Using this dormant authority will help protect consumers and level the playing field between banks and nonbanks, the agency said.
“Given the rapid growth of consumer offerings by nonbanks, the CFPB is now utilizing a dormant authority to hold nonbanks to the same standards that banks are held to,” said CFPB Director Rohit Chopra. “This authority gives us critical agility to move as quickly as the market, allowing us to conduct examinations of financial companies posing risks to consumers and stop harm before it spreads.”
Under the Dodd-Frank Wall Street Reform and Consumer Protection Act of 2010, the CFPB has authority to use traditional law enforcement, including litigation, to stop companies from engaging in conduct that poses a risk to consumers.
The law also gives the CFPB authority to conduct supervisory examinations to review the books and records of regulated entities. Such examinations typically help businesses identify problems and take correction action.
Tighter supervision for nonbanks
For decades before the Dodd-Frank Act, only banks and credit unions were subject to federal supervision. But after the 2008 financial crisis in which nonbank companies played a pivotal role, Congress tasked the CFPB with supervising certain nonbanks, in addition to large depository institutions with more than $10 billion in assets, and their service providers.
Nonbanks don’t have a bank, thrift, or credit union charter; many today operate nationally and brand themselves as “fintechs.”
Congress spelled out several categories of businesses subject to more oversight, including the mortgage, private student loan, and payday loan industries, regardless of size.

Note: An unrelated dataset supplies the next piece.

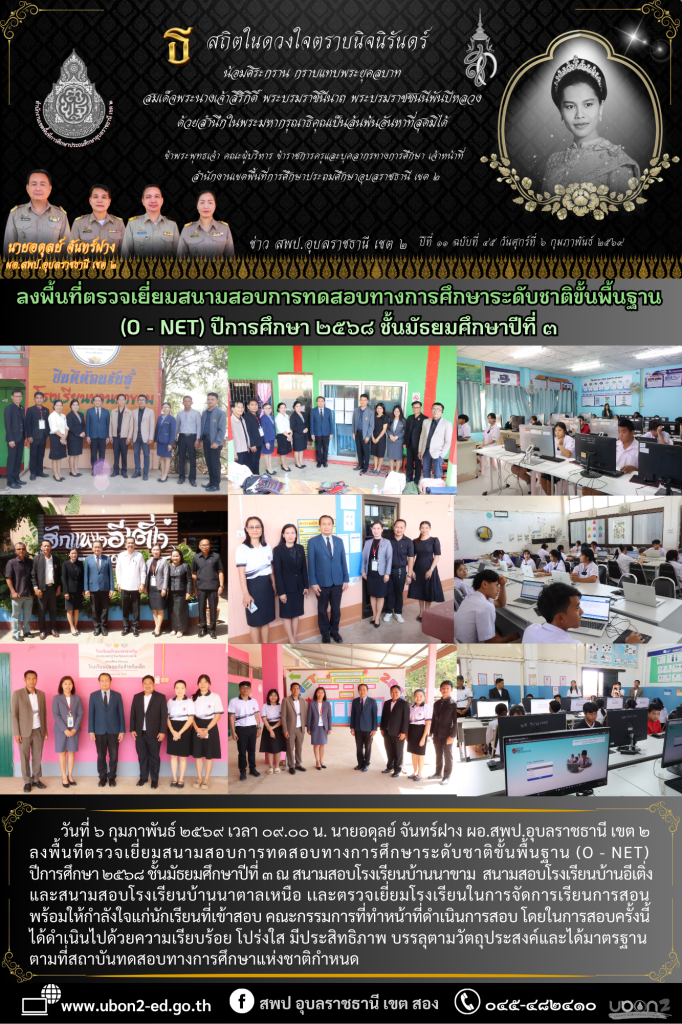 วันที่ ๖ กุมภาพันธ์ ๒๕๖๙ เวลา ๐๙.๐๐ น. นายอดุลย์ จันทร์ฝาง ผอ.สพป.อุบลราชธานี เขต ๒ ลงพื้นที่ตรวจเยี่ยมสนามสอบการทดสอบทางการศึกษาระดับชาติขั้นพื้นฐาน (O – NET) ปีการศึกษา ๒๕๖๘ ชั้นมัธยมศึกษาปีที่ ๓ ณ สนามสอบโรงเรียนบ้านนาขาม สนามสอบโรงเรียนบ้านอีเติ่ง และสนามสอบโรงเรียนบ้านนาตาลเหนือ เเละตรวจเยี่ยมโรงเรียนในการจัดการเรียนการสอน พร้อมให้กำลังใจแก่นักเรียนที่เข้าสอบ คณะกรรมการที่ทำหน้าที่ดำเนินการสอบ โดยในการสอบครั้งนี้ได้ดำเนินไปด้วยความเรียบร้อย โปร่งใส มีประสิทธิภาพ บรรลุตามวัตถุประสงค์และได้มาตรฐานตามที่สถาบันทดสอบทางการศึกษาแห่งชาติกำหนด
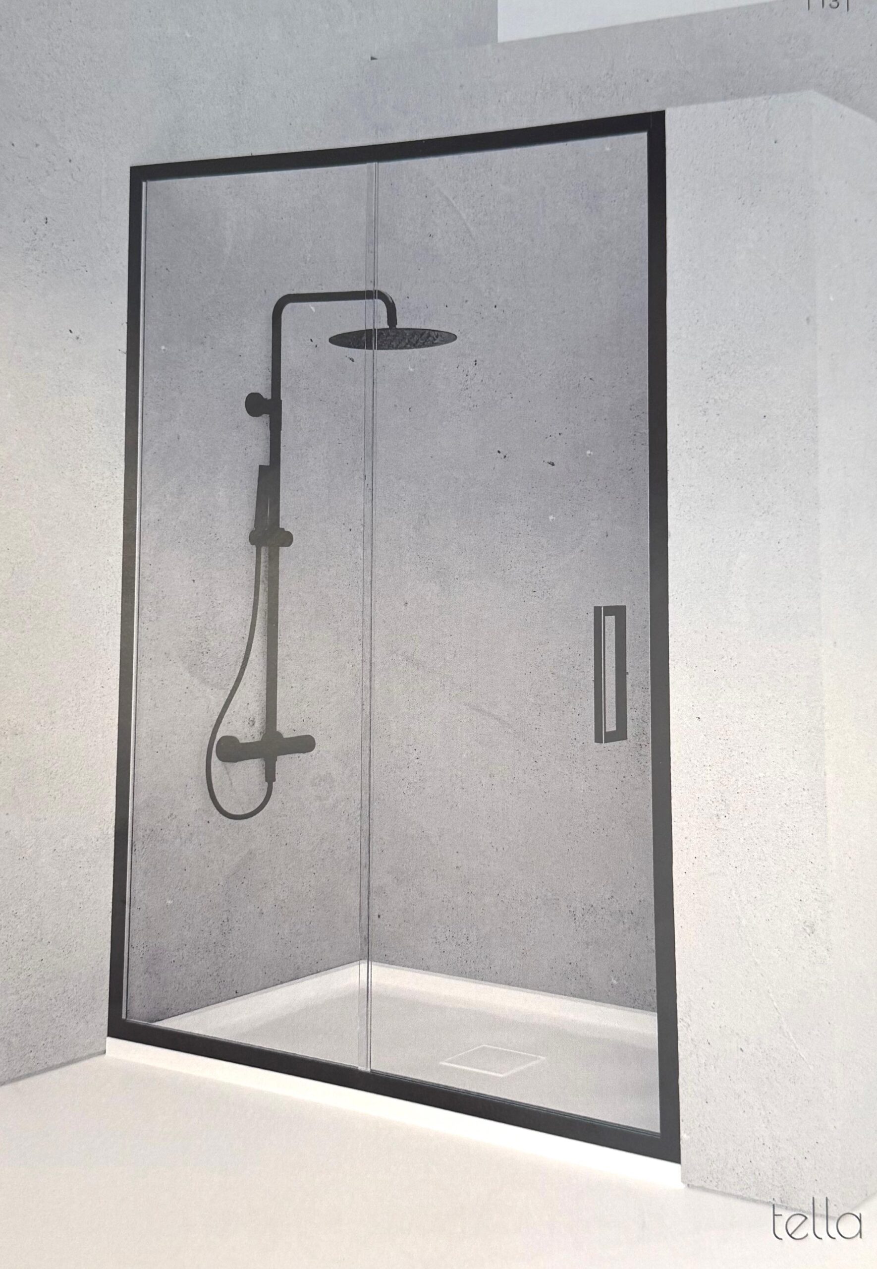 Vidro temperado | Estrutura preta | 2 portas de correr | Frontal 130-135 cm ajustável | Perfil em alumínio anodizado | Instalação reversível | Design moderno | PAULISANI

Another category of supervised entities includes what the law calls “larger participants” in other nonbank markets for consumer financial products and services, including companies engaged in consumer reporting, debt collection, student loan servicing, international remittances, and auto loan servicing.
Besides those categories, the CFPB can also tighten supervision of any nonbanks “whose activities the CFPB has reasonable cause to determine pose risks to consumers,” the agency said.
Such risky conduct may involve potentially unfair, deceptive, or abusive acts or practices, or other actions that potentially violate federal consumer financial law.